[What the exercise asks]
This exercise requires an exact output of the listing, images omitted.

[Given data]
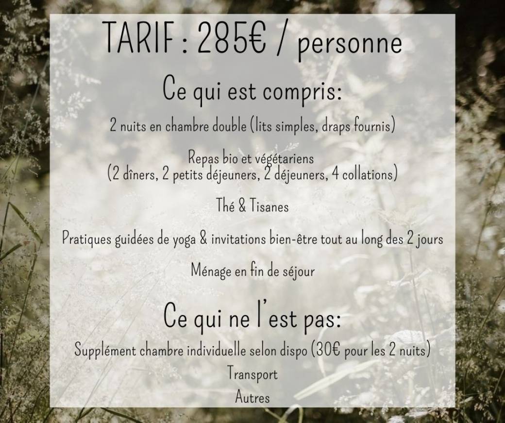 Ces deux nuits et deux jours se dérouleront dans un très beau lieu disposant d'une grande salle de pratique avec une vue nature magnifique. De belles balades sont possibles au départ du lieu. Côté hébergement : des chambres confortables avec des lits simples et linge de lit fournis. Une salle commune chaleureuse et conviviale nous accueillera sur les temps de pause, de partage et de repas (bio et de saison préparés avec amour).
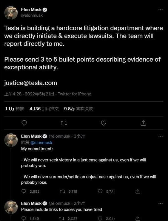 馬斯克在推特上宣布:“特斯拉正在組建核心訴訟部門,我們將直接發(fā)起和執(zhí)行訴訟。這個(gè)團(tuán)隊(duì)將直接向我匯報(bào)工作。”
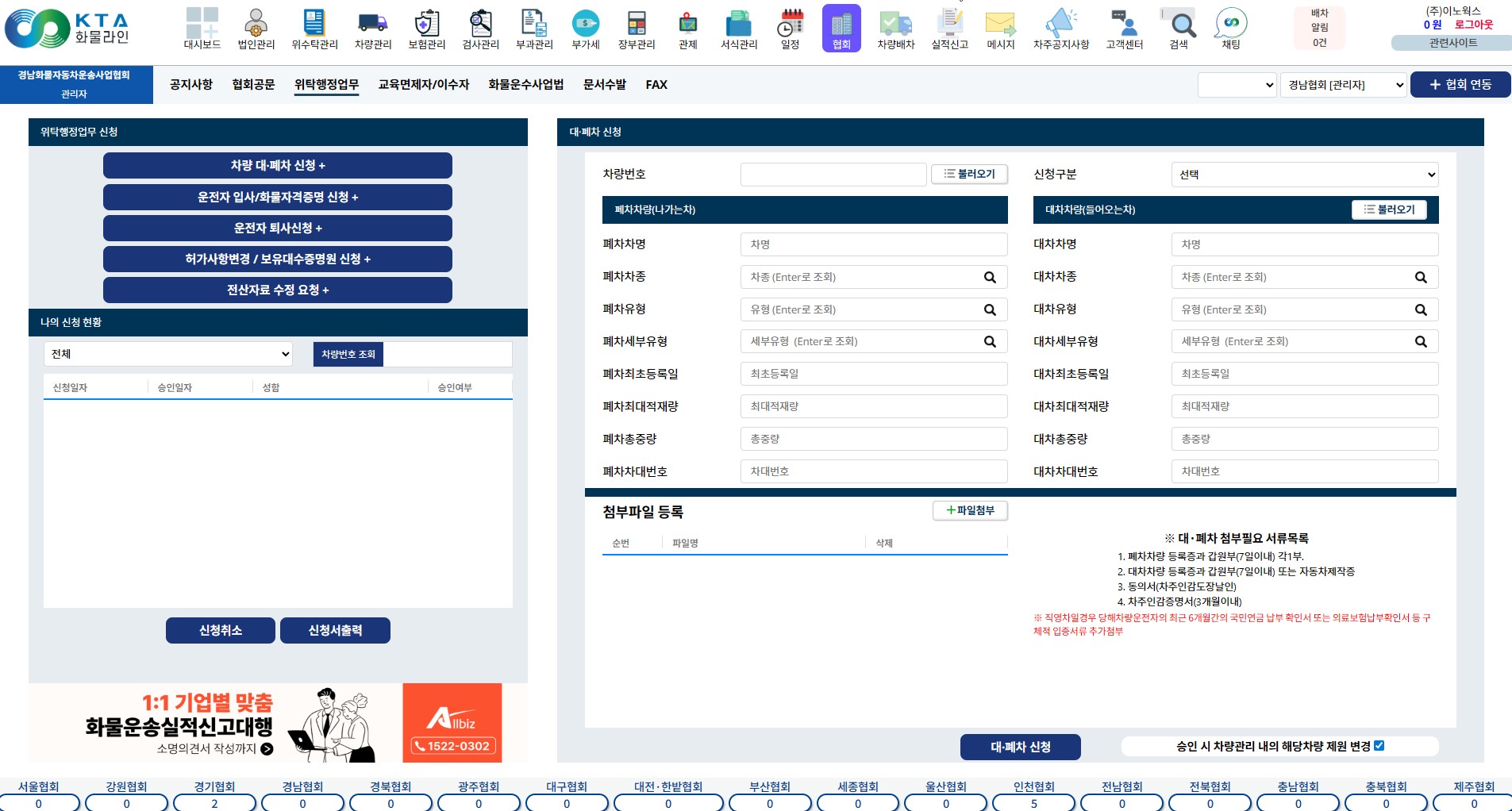 3.운송주선사: KTA화물라인 프로그램을 통하여 화물오더를 차주에게 배차하는 업체를 말한다.

[Answer for the task]
 Ces deux nuits et deux jours se dérouleront dans un très beau lieu disposant d'une grande salle de pratique avec une vue nature magnifique. De belles balades sont possibles au départ du lieu. Côté hébergement : des chambres confortables avec des lits simples et linge de lit fournis. Une salle commune chaleureuse et conviviale nous accueillera sur les temps de pause, de partage et de repas (bio et de saison préparés avec amour).
 馬斯克在推特上宣布:“特斯拉正在組建核心訴訟部門,我們將直接發(fā)起和執(zhí)行訴訟。這個(gè)團(tuán)隊(duì)將直接向我匯報(bào)工作。”
 3.운송주선사: KTA화물라인 프로그램을 통하여 화물오더를 차주에게 배차하는 업체를 말한다.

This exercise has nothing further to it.